At the China Media Group, we were met by Chinese translators who spoke the language of each of the 15 participating countries. There was one who spoke Bahasa for Indonesia, Thai for Thailand, Lao for Laos and so on.
I stood there, craning my neck and trying to listen for my own language. But there was nothing. Then I thought I heard something familiar. It took me a while to register that there were two Chinese nationals in front of me speaking Tagalog. I don’t know how long they had been standing there, but suddenly I felt really silly.
Fortunately, they had someone from the Philippines working in their office, a Tagalog speaker. When I explained to them that I was from Cebu and spoke Cebuano, he immediately understood and asked if I wanted the interview to be conducted in English.

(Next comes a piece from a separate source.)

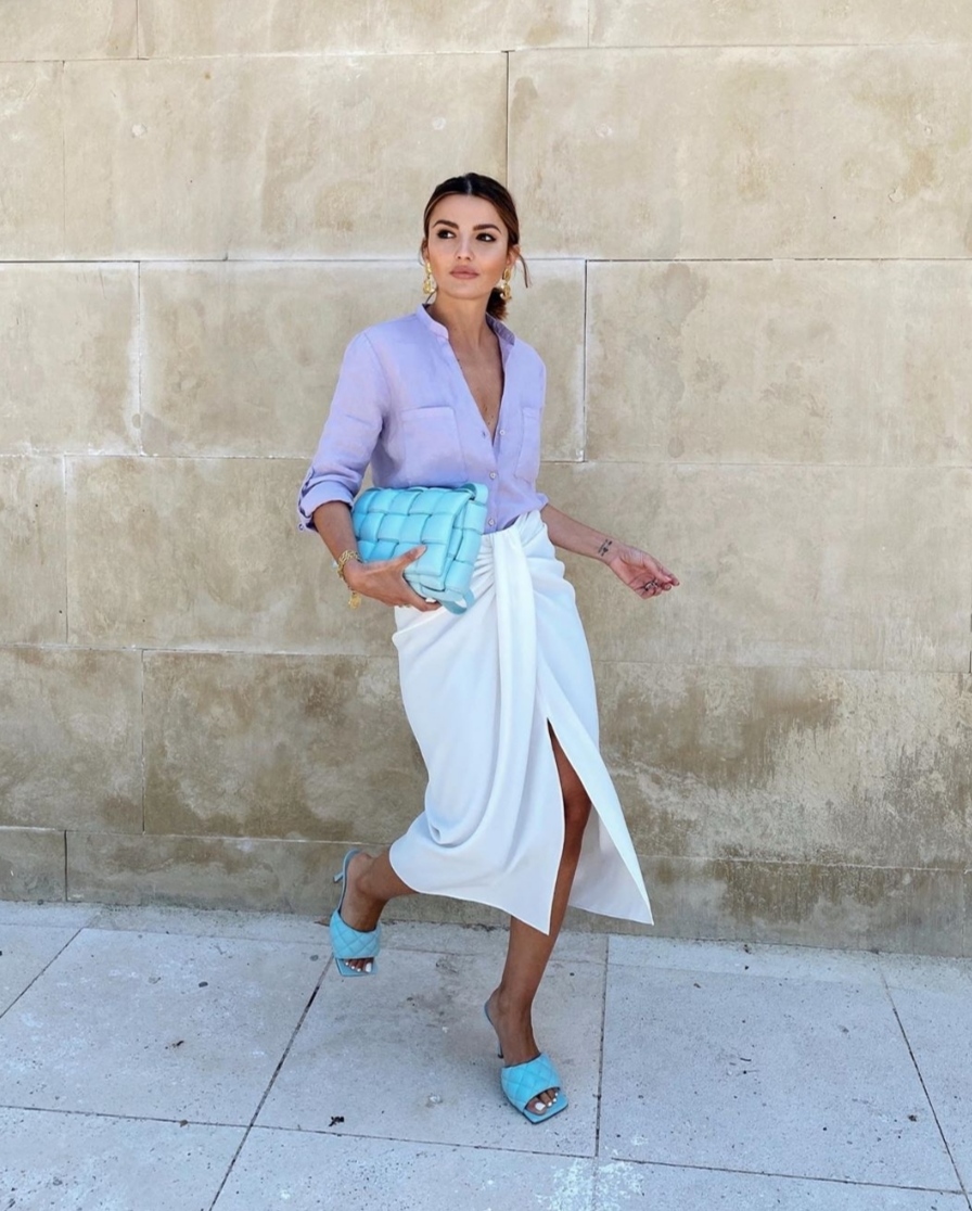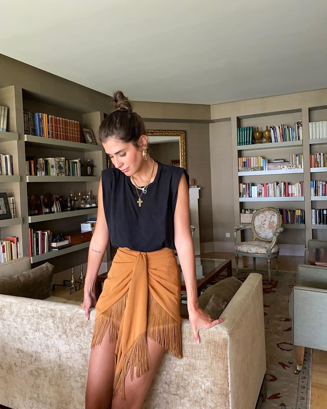 En corte midi -a media pantorrilla-, la falda pareo adquiere también un aire elegante. Sobre todo si la combinas con unos zapatos de taco alto y la eliges en un color neutro.

Oh, how colonial of me. I felt ashamed. I mustered up the courage to tell them that we could do the interview in Taglish. It was the best I could do. I only studied Pilipino until fifth grade; then we left the country. I understand it better than I speak it, having watched all those Tagalog movies in the ‘80s like Scorpio Nights, The Boatman, Sabik and whatnot.
Also, I studied in Brent for a year and a half, so I speak a decent Coño. It was uncomfortable at first — answering questions in a language I hardly speak and barely use — but I think the interview went well. They had nothing to worry about. I have been reading about China’s economic progress over the years. I have watched countless videos on YouTube regarding China’s recent advances. I wasn’t ignorant going into the country. I was also well aware of the delicate relationship the Philippines has with China.
I admit I was, or I am, biased. But how could I not admire a government that has lifted nearly 800 million people out of extreme poverty? Does that make me a Sinophile? Perhaps. I don’t see any reason why I shouldn’t learn more about the emerging hegemon, especially one that is so close to our shores.
Of course, I had to remind them that I was expressing my opinion, which is not very popular here in the country right now. But that’s politics. And I’ve always said to leave politics to the politicians. I was in Beijing to meet Chinese people, to learn about their media practices. And if I learned something else outside that subject, then I would consider it a bonus.
The trip back to campus was long. Dinner was waiting for us in the same restaurant where we had lunch when we arrived. It more than made up for the arduous travel time spent in Beijing’s rush-hour traffic. We were in a private room where two large, round tables were set up. We didn’t have assigned seats, but we may as well have had them, because we sat in the same chairs during our whole stay there.
I was flanked by Thailand to my left and Cambodia to my right. Myanmar was seated next to Cambodia, and Timor-Leste sat next to Myanmar. Nepal sat next to Thailand, while Bangladesh sat next to Nepal. We initially called each other by our country’s name because it was hard remembering names at first. Obviously, that changed after a day or two.
We all started to get to know each other. There were questions, some of them quite personal. But we were all journalists, so it was to be expected. When I told them I was single and didn’t have any children, I swear you could hear a pin drop. But I’ve gotten used to the reaction, so it didn’t bother me a bit. Then they got over it and we went on to talk about other things.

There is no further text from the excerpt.